Curriculum Guide & Full-Featured DVD
Lost Nation: The Ioway
DVD & Curriculum Guide
The Lost Nation: The Ioway DVD includes the one-hour film, a 10-minute version for young children, and 2-hours of bonus features
The package includes the DVD, Curriculum Guide, and a Public Performance License
Goals and Objectives
Meet Iowa State Standards
A companion to the Lost Nation: The Ioway movie DVD, this new Curriculum Guide is a necessity for educators, schools, and library media centers.
Did you know that the State of Iowa was named for the Ioway Indians? Iowa does not mean "beautiful land", but more likely means those who separated.
This is one of the accuate and interesting facts that you and your students will encounter as you view and use the film, Lost Nation: The Ioway. Not only will the students learn about the past, present and future of the Ioway people, but also they will learn about the role of archaeology in discovering the past.
The film and the Curriculum Guide depict Ioway tribal history. Two themes of the film are highlighted in the curriculum: storytelling and culture. These themes offer a variety of reading and social studies instruction woven into a study of Native American history for upper elementary students. The story of the Ioway is the model used throughout the curriculum.
The materials integrate reading, social studies and language arts for students grades 4th-8th. Goals and objectives meet Iowa state standards. Important background information will assist the teacher in creating rich lessons and aid in understanding the complex story of the Ioway tribe.

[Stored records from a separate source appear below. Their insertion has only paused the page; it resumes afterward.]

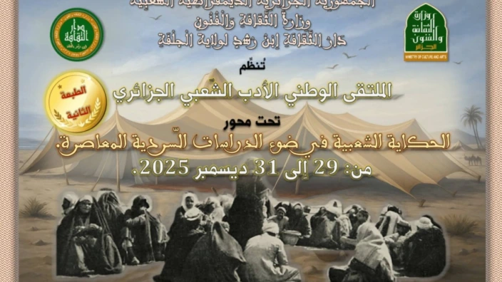 وستكون هذه التظاهرة آخر الأنشطة الثقافية لدار الثقافة لسنة 2025، ويشارك فيها أساتذة وباحثون جامعيون مختصون في الأدب الشعبي ومن المهتمين أيضا بهذا اللون الثقافي الذي يشكل بعدا وطنيا بفسيفسائه الإبداعية. وتتضمن أشغال هذا الحدث الثقافي الذي سينظم على مدار ثلاثة أيام كاملة، ندوات وجلسات علمية يشرف عليها أساتذة جامعيون وكذا نقاد متخصصون في الحكاية الشعبية الجزائرية. كما يتضمن برنامج هذا الملتقى فقرات أدبية تشتمل قراءات شعرية سيقدمها شعراء الملحون من عدة ولايات. ومن أجل تعزيز المقروئية في الأدب الشعبي، ستنظم جلسات للبيع بالإهداء لكتب ودواوين لرموز شعرية في الشعر الشعبي ممن لهم صيت محلي وكذا وطني. للإشارة، يشكل هذا الموعد الثقافي مناسبة لتبادل الأفكار والرؤى في ماضي وحاضر، وكذا مستقبل الأدب الشعبي الجزائري بألوانه المختلفة كالحكاية والشعر الملحون وغيرها من الابداعات المكتوبة والشفهية.
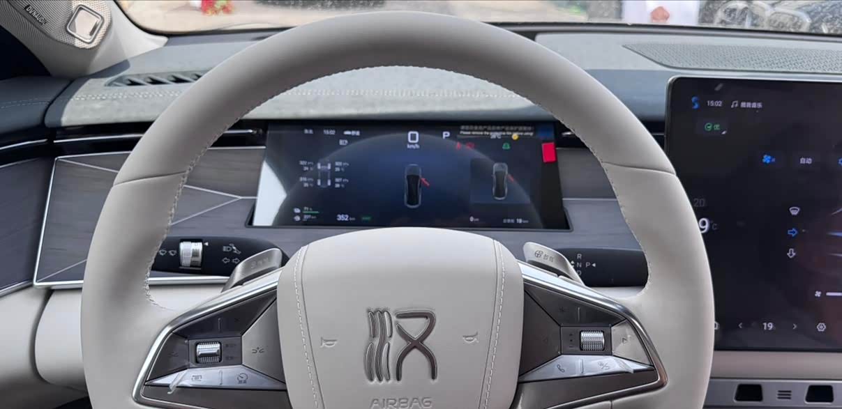 握持手感和造型设计和内饰风格更协调。方向盘中央的“汉”字logo比初代的蓝底树脂材质的要显档次的多。
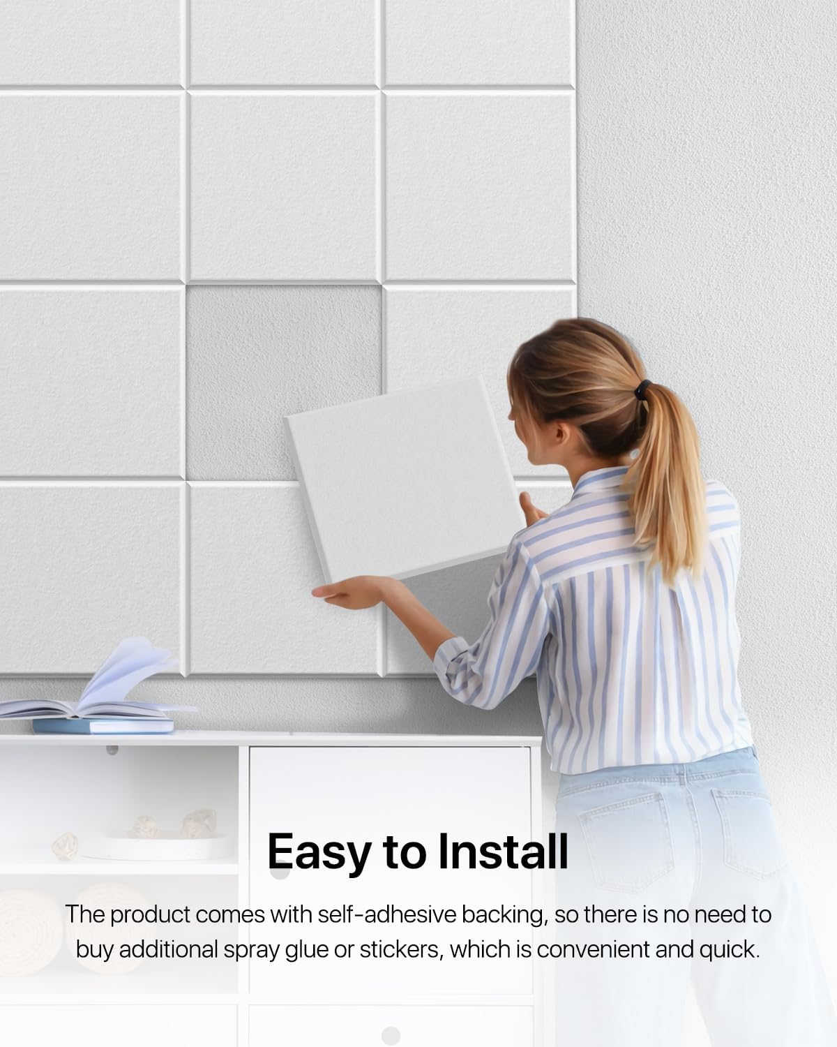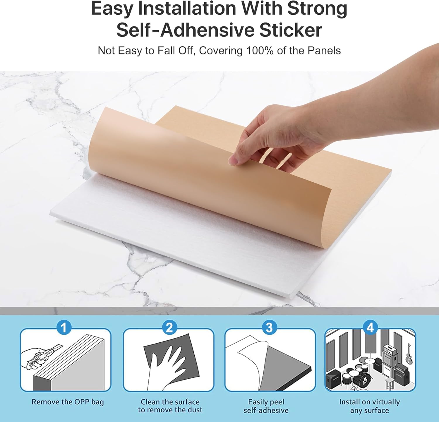 【 Easy Installation 】: Our sound-absorbing panel is self-adhesive, making it convenient for you to install. All you need to do is accurately peel off the film on the back and stick each panel to the desired position. No special tools or materials are needed! But be careful not to accidentally tear off the adhesive.
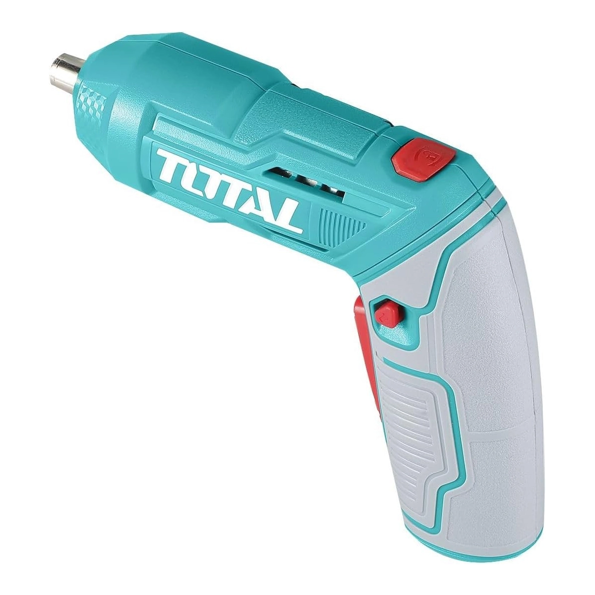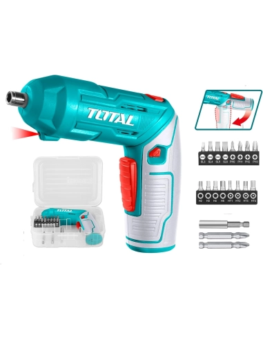 El Atornillador a Batería TOTAL 4V - 41257 es una herramienta eléctrica portátil diseñada para realizar tareas de atornillado y desatornillado de manera rápida y eficiente. Su tamaño compacto y ligero lo hacen ideal para trabajos domésticos, de bricolaje y pequeñas reparaciones.
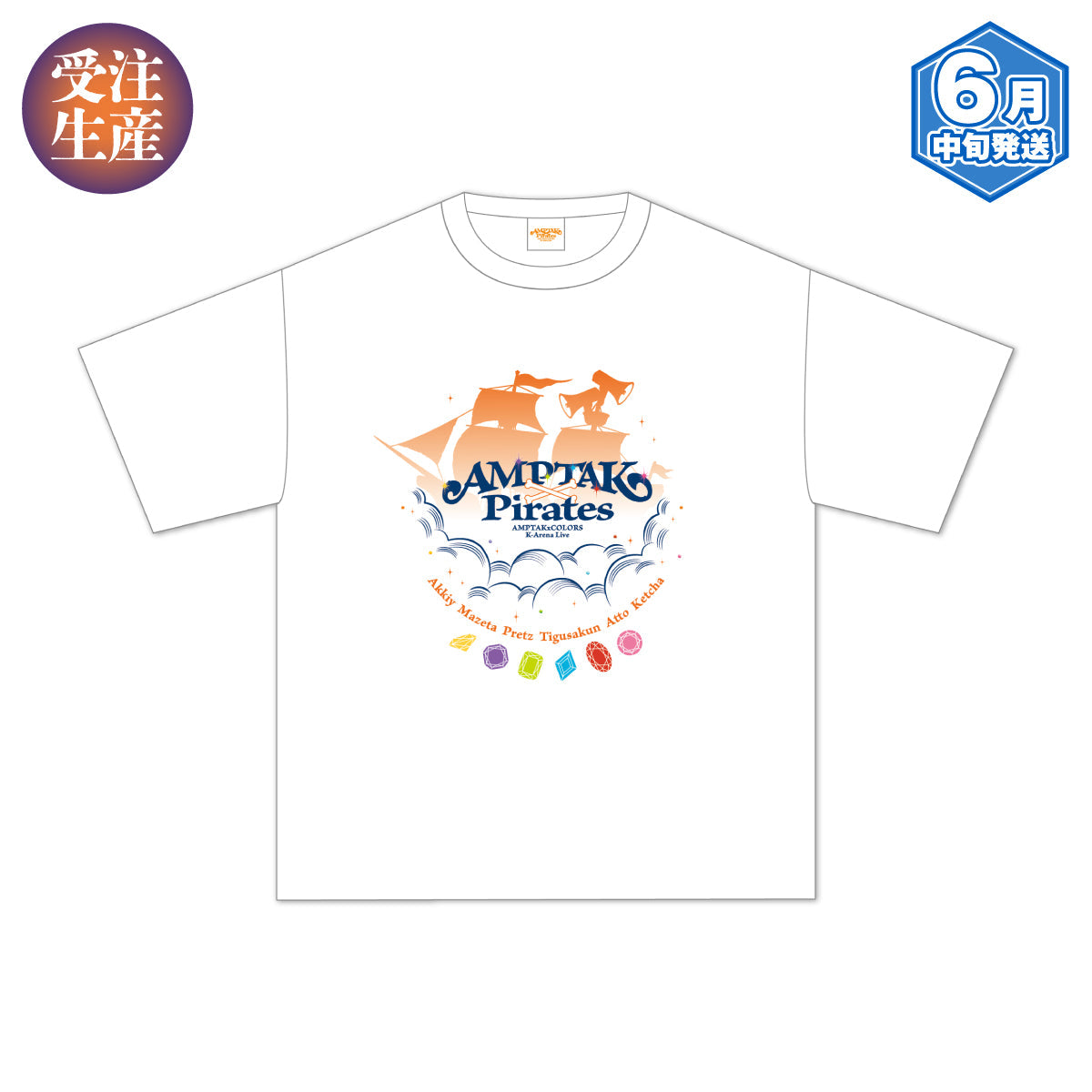 【受注生産/6月中旬発送】AMPTAKxCOLORS Tシャツ(AMPTAK海賊団xレインボーロード中88% ver./WHITE)<受付期間:~4/12>
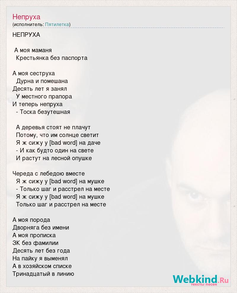 НЕПРУХА А моя маманя Крестьянка без паспорта А моя сеструха Дурна и помешана Десять лет я занял У местного прапора И теперь непруха - Тоска безутешная А деревья стоят не плачут Потому, что им солнце светит Я ж сижу у [bad word] на даче - И как будто один на свете И растут на лесной опушке Череда с лебедою вместе Я ж сижу у [bad word] на мушке - Только шаг и расстрел на месте Я ж сижу у [bad word] на мушке Только шаг и расстрел на месте А моя порода Дворняга без имени А моя прописка ЗК без фамилии Десять лет без года На пайку я выменял А в хозяйском списке Тринадцатый в линию
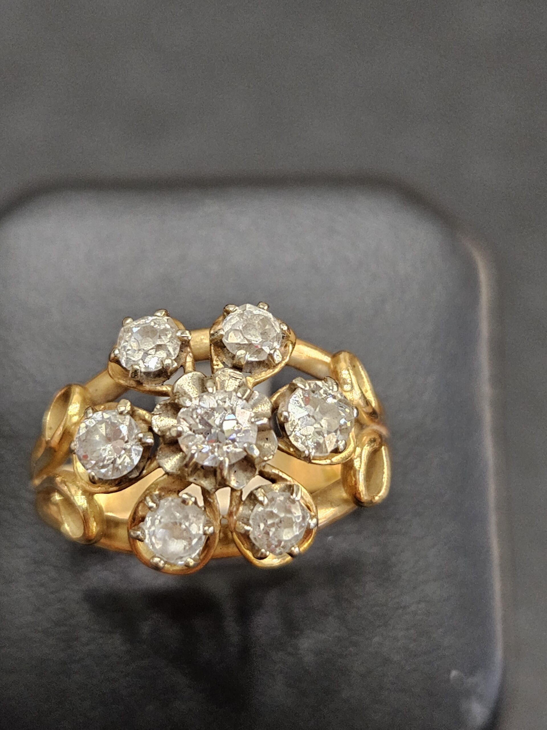 Cette bague des années 1960 est composée d’une « marguerite » de 7 diamants délicatement posée sur un filigrane d’or terminé par des volutes où soutenant cette marguerite
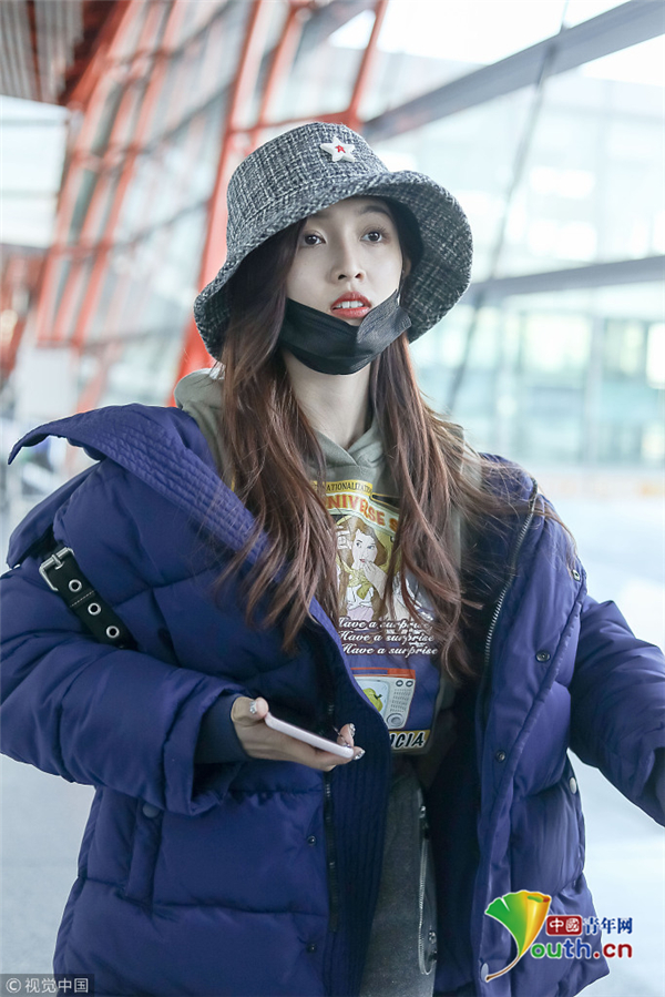 1月1日,北京,吳宣儀現(xiàn)身機(jī)場(chǎng)。外帶著漁夫帽的她嘟嘴顯可愛(ài),裹著厚重羽絨服認(rèn)真過(guò)冬超保暖。
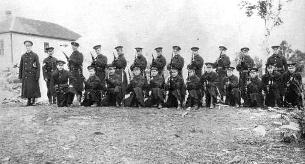 In 1914 15 soldiers of the 32nd Bruce Regiment (before 1900, the 32nd Bruce Battalion of Infantry, founded in 1866) were posted to Tobermory. They camped at North Point, known locally as Wireless Point, beside the Tobermory station. The men were experienced soldiers, but were soon replaced with untrained recruits and local men, possibly when the Army realized that the threat of German invasion was not as great as imagined.
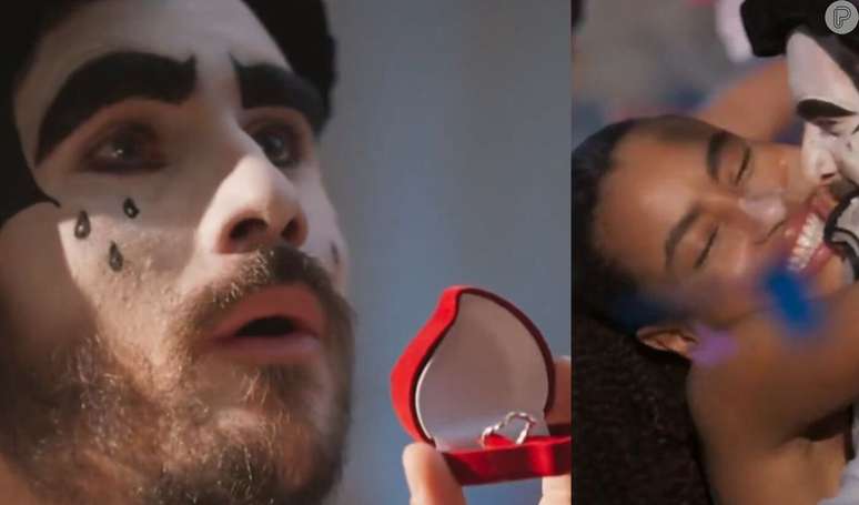 Viola é surpreendida por pedido de casamento de Rudá vestido de pierrô
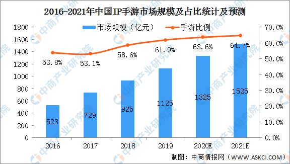 据中商产业研究院于2020年12月发布的《2021年中国手游行业市场现状及发展趋势预测分析》显示,预计2021年中国游戏玩家总数将达到6.8亿人,其中预计6.6亿为移动游戏玩家。而2021年IP手游的市场规模可达到1525亿元,占2021年手游市场份额的64.7%。可见IP手游的发展前景之大。
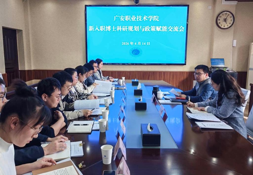 会上,科技与社会服务处负责人解读了学校的科研激励政策、科研项目申报程序、成果转化途径以及科研诚信的底线要求,传达了2026年广安市科技创新工作会议精神,并分享了自身的科研工作经历。
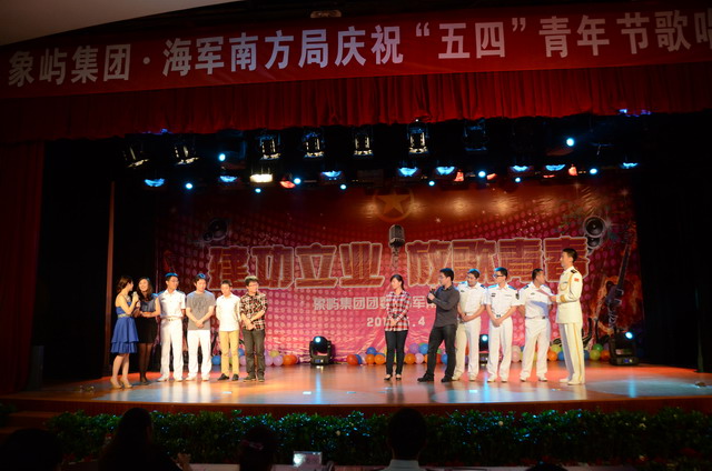 五月的花海,飛揚的青春!為慶祝中國共產(chǎn)主義青年團(tuán)成立90周年,象嶼集團(tuán)團(tuán)委和海軍南方局團(tuán)委共同舉辦 “建功立業(yè),放歌青春”慶祝“五四”青年節(jié)歌唱比賽,來自兩個單位的16名決賽選手登臺獻(xiàn)藝,在廈公司領(lǐng)導(dǎo)、員工,以及共建單位海軍南方局官兵近三百五十人到場吶喊助威。
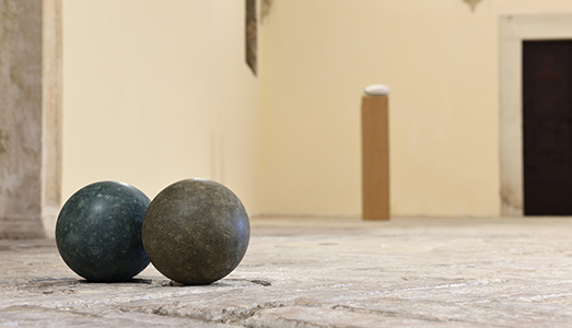 Si tratta del quarto appuntamento della serie di mostre curate da Riccardo Bandini. Un percorso in sei tappe che vede protagonisti giovani artisti legati al territorio marchigiano, chiamati a relazionarsi con questo imponente contesto tramite un progetto site specific. La tematica scelta dal curatore per l’intero ciclo è quella del viaggio e il titolo, “La conquista dello spazio”, la presenta in maniera non scontata; tuttavia, nell’era di internet e dell’iper mobilità globale, in che modo è ancora possibile trattare questo tema? Strappato sceglie di ri-partire dal paesaggio, soggetto ricorrente nella sua poetica e, allo stesso tempo, tributo alla storia dell’arte classica racchiusa e custodita all’interno della Pinacoteca del palazzo Ducale Urbinate. Omaggio che determina anche la scelta di ideare una mostra scultorea in senso tradizionale, lasciando fuori dal progetto espositivo, anche se solo apparentemente, la tecnologia che spesso caratterizza i suoi lavori. Si tratta, infatti, di un’uscita di scena che investe la sola fase di formalizzazione dell’opera; il processo resta indissolubilmente legato al mezzo digitale attraverso il quale l’artista capta, raccoglie ed interpreta, come antichi messaggi in bottiglia, quei frammenti di fatti di cronaca (spesso cruenti) che diverranno la principale suggestione per le opere in questione. Un progetto espositivo in cui il viaggio è simboleggiato anche dal continuo spostamento tra la dimensione informatica digitale e quella reale. Un doppio ed un dualismo che ritroviamo anche nell’opera “Untitled (this world, other worlds)” , due bocce sintetiche di uguale dimensione, ma differente colore, poggiate a terra.
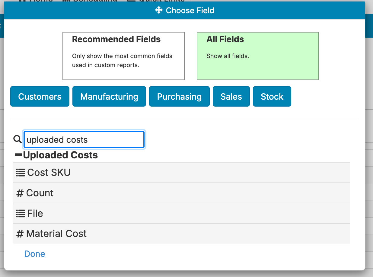 Once this setup is done, the fields from the Excel/CSV data are available as a folder in the chosen data source. In this case, the fields now show up in the Cin7 data source:
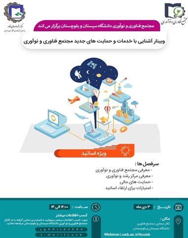 وبینار آشنایی با خدمات و حمایت های جدید مجتمع فناوری و نوآوری  جهت آشنایی بیشتر اعضاء محترم هیأت علمی با خدمات مجتمع مورخ 1399/10/3 برگزار میگردد.

Appendices provide: maps, center activities, vocabulary, stories for modeling, and a complete bibliography of children's books and electronic resources. Skills and strategies include: summarizing, retelling, note taking from print material and film, writing stories, non-fiction research, visual literacy, map skills, and presentation skills. Embedded assessments and self-evaluations are provided.
The film covers the topics of American History, Native American History and Culture, Anthropology, Archaeology, and Language preservation through interviews with Native descendents telling their stories.
The film is divided into three parts. The first part tells the complex story of loss of a homeland and culture. Part two offers a look at life among the Ioway Indians for young children. Part three provides special features including a segment on storytelling, which can be used as an introduction to the storytelling curriculum.
It is our wish that students who see the film will understand the story of the Ioway tribe, develop an appreciation for the past, and value the importance of preserving their culture.
Quotes from an elementary school Teacher:"As an Iowa History and fifth/sixth grade social studies teacher, the DVD entitled Lost Nation: The Ioway was a perfect fit for my sixth grade classes. As we watched the DVD in parts over a week's time, the students and I discussed how many aspects of social studies were incorporated in this project. We quickly identified the themes of location, region, movement, and human-environment interaction. This dramatic story of displacement also sparked a lively discussion about perspective and human rights. Several students commented that this was the first time they had seen Native Americans portrayed as people living today, not just as a part of our American history.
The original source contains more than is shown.